When building your LinkedIn profile as part of your business-to-business marketing strategy, the first thing to pay attention to is your heading and title. These are search engine optimized for LinkedIn and make it easier for others to find you on the network. Your title lists your job, but your heading lets people know specific aspects of your job and areas of expertise. An additional way to increase optimization of your profile is to tag your skills and expertise. Tags are great supplementary information for your profile visitors.
As with any marketing plan, LinkedIn requires diligent management as you add your contacts both online and offline and continually add new people you meet. Growing your network through these personal connections allows you to increase your web of other potential business contacts on the network. It helps to tag and filter your new connections in order to better organize your contact framework and build relationships with them.
Everyone loves a personal touch to their interactions with acquaintances. Whenever you establish a new connection on LinkedIn or when someone joins your network, take a few moments to personally welcome and acknowledge that person. This helps affirm your relationship with the individual and makes that person feel important to you, giving you a better opportunity to develop further business relations with the new connection. It only takes a few moments, but it could lead to valuable opportunities in the future.

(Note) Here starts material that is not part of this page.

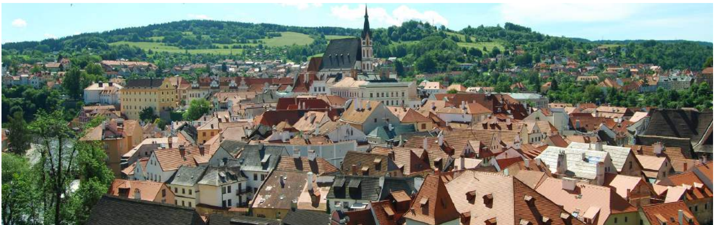
Looking out from its castle at the UNESCO World Heritage village of Český Krumlov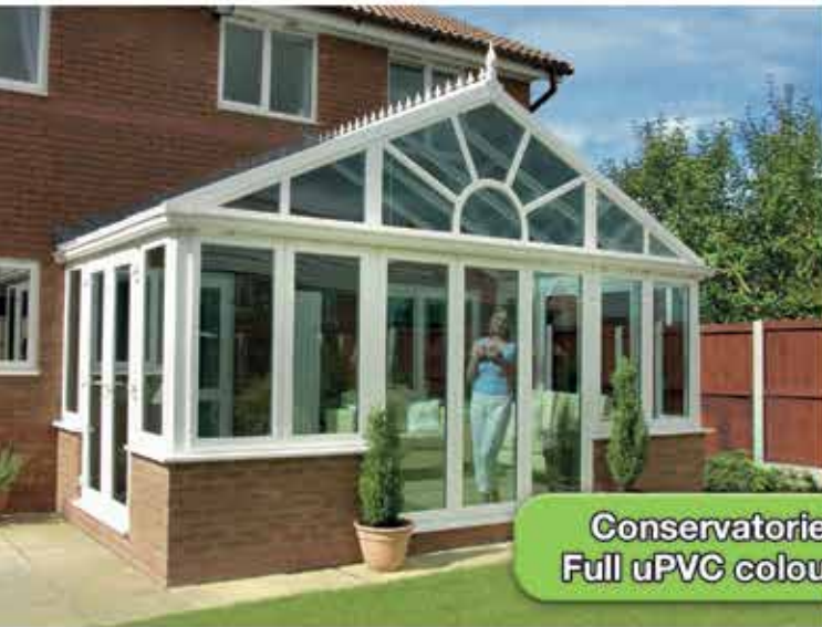
Conservatories & Orangeries Full uPVC colour range available

Don’t waste your LinkedIn summary. No one wants to see another profile with job-seeking buzzwords like “team-oriented,” “results focused,” and “goal setting.” These words have become empty in most of the modern business world and it makes your profile work more like a job search board than a professional business networking tool. Instead, use your summary to add a human element to your profile by answering a simple question such as why you are in your profession.
Gather business intelligence. In addition to being able to view details about your contacts that could be useful in your business relationship with them, you can gather a contextual look at your contacts connections. By examining the relationships your contacts have with others, you can find opportunities to connect with others who may be interest in your business or even see whether your contacts have connections to your competitors, giving you valuable information on how to approach your contacts when you do business in the future.
LinkedIn is much more than a job board. It allows you to make yourself more accessible to other people in your industry who can help your company and it gives you avenues to learning valuable information about how everyone in your business sphere is connected. It can even give you key insights into capitalizing on your connections.